# PTO driveline guard



## Gerifalte (Oct 20, 2006)

Hi all,

I have a good old Woods Dixie cutter M5 still running strong. However, the PTO driveline isn't shielded and I appreciate my limbs too much to loose them to a PTO! 
I was wondering if you guys know where I can find a retrofit kit to guard the driveline. My local dealer says he can adapt something for $50. Does that sound reasonable?

Thanks, G


----------



## Live Oak (Dec 22, 2003)

Not sure if this is all that you wanted to go with but I would strongly suggest considering a pto drive shaft with a slip clutch to protect your mower AND tractor. My cutter came with a pto shaft with the shear bolt protection. These work OK but don't always shear off in time to prevent damage and can also be a real pain in the butt if you are in a rough area that will cause the bolt to shear off repeatedly. I ordered the slip clutch assembly and installed it myself. It was very easy to add to the driveshaft. I just had to take it over to my friends house who has a mechanical hacksaw and cut about 2 inches off of each half of the drive shaft so it would not bind when at full lift. Below is a link to a complete new pto driveshaft with a slip clutch already mounted to it. It also has all of the safety shields as well. The slip clutch that I ordered is the same as the slip clutch on this shaft and was about $35 cheaper than at TSC. 
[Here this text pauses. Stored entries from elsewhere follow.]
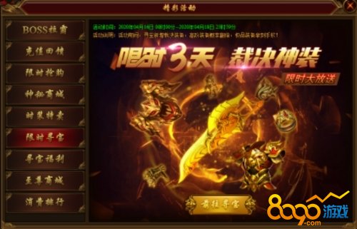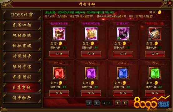 活动内容:活动期间,寻宝可获得大量至尊币,使用至尊币可在至尊商城兑换海量极品道具。
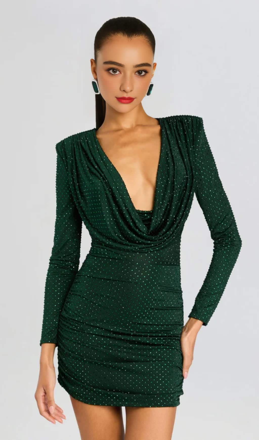 Erix Crystal Embellished Draped Mini Dress in green
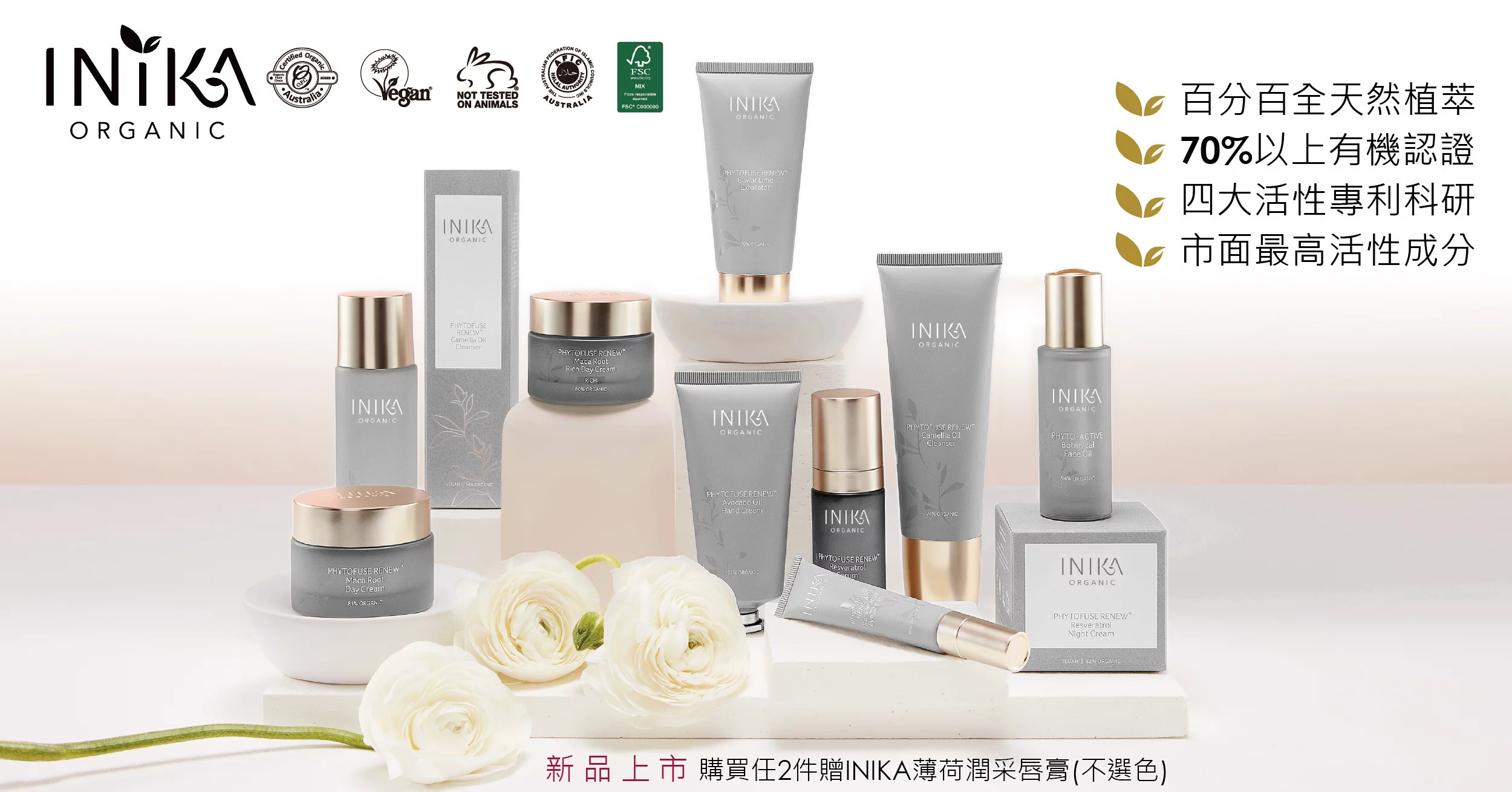 INIKA Organic 全部系列的產品都是 100% 天然配方,並通過全球最嚴格的認證認可,是健康化妝品中最符合道德和無罪的選擇。產品不經動物測試 (澳洲無動物測試認證、善待動物組織認證),並且不含來源自動物的成分 (英國素食主義者認證),以及無毒素和酒精 (清真認證),同時獲得澳洲有機食品認證和意大利有機化妝品認證。產品也不含損害成分、刺激性化學品或化學合成物。
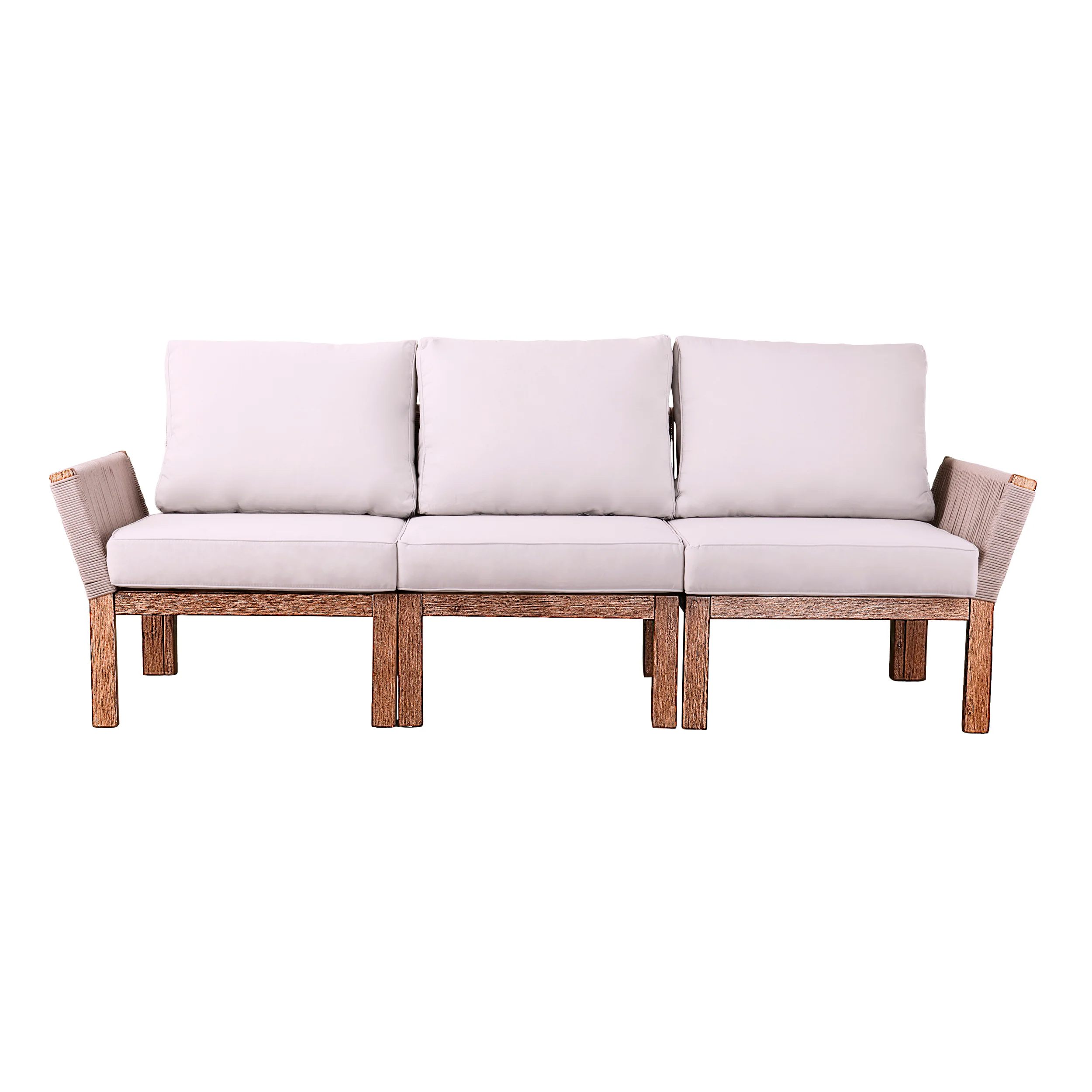 Modern texture meets a sleek silhouette with this outdoor sofa with cushions. Weather-resistant rope wraps up a sturdy acacia frame while you wind down, adding a natural color palette to your outdoor oasis. Plush cushions offer cozy comfort for watching the sunrise or partying under the stars, while the full-sized silhouette leaves ample space for family and guests to drop by. Slide this three-seater sofa onto your patio to serve up appetizers and summer cocktails, or add to your front porch to enjoy breezy mornings with your favorite read.

PTO Drive shaft with slip clutch for 5-6 ft. cutters


----------



## Gerifalte (Oct 20, 2006)

Thanks chief,

I have thought about a slip clutch but I wasn't sure I needed it since I have a live PTO. Does the slip clutch also help preventing entaglement accidents? I thought they were designed mostly to prevent overrunning. But again, I don't know much about this stuff anyway ;-)

G


----------



## Live Oak (Dec 22, 2003)

Just about all pto drive shafts come with the guards on them now. No, the slip clutch does nothing to prevent entanglement. It DOES offer protection against tearing up the tractor transmission and internal pto driveline in the event you hit a large obstacle or object that shock loads the pto drive train. An over running clutch is another animal; it prevents the enertia of the pto drive train from driving the tractor forward as well as allows the pto shaft to turn at a slower speed than the pto driveshaft. These are used on early type pto's such as the Ford 8N. You can get by without a slip clutch but they are an advisable addition.


----------



## Gerifalte (Oct 20, 2006)

Thanks again chief, that's good info. We also have an old 8N here that I used mostly to mow a few acres but it was a royal pain in the butt so my local dealer added an over running clutch. Still, it is a pain to mow with the old Ford (no live PTO or 2 stage clutch) so I bought the new Jinma, and so far it has worked great! I just wish I would have picked the shuttle shift rather than the creeper...it took me a while to get use to the shifters to do loader work!

Thanks and have a great turkey day!


----------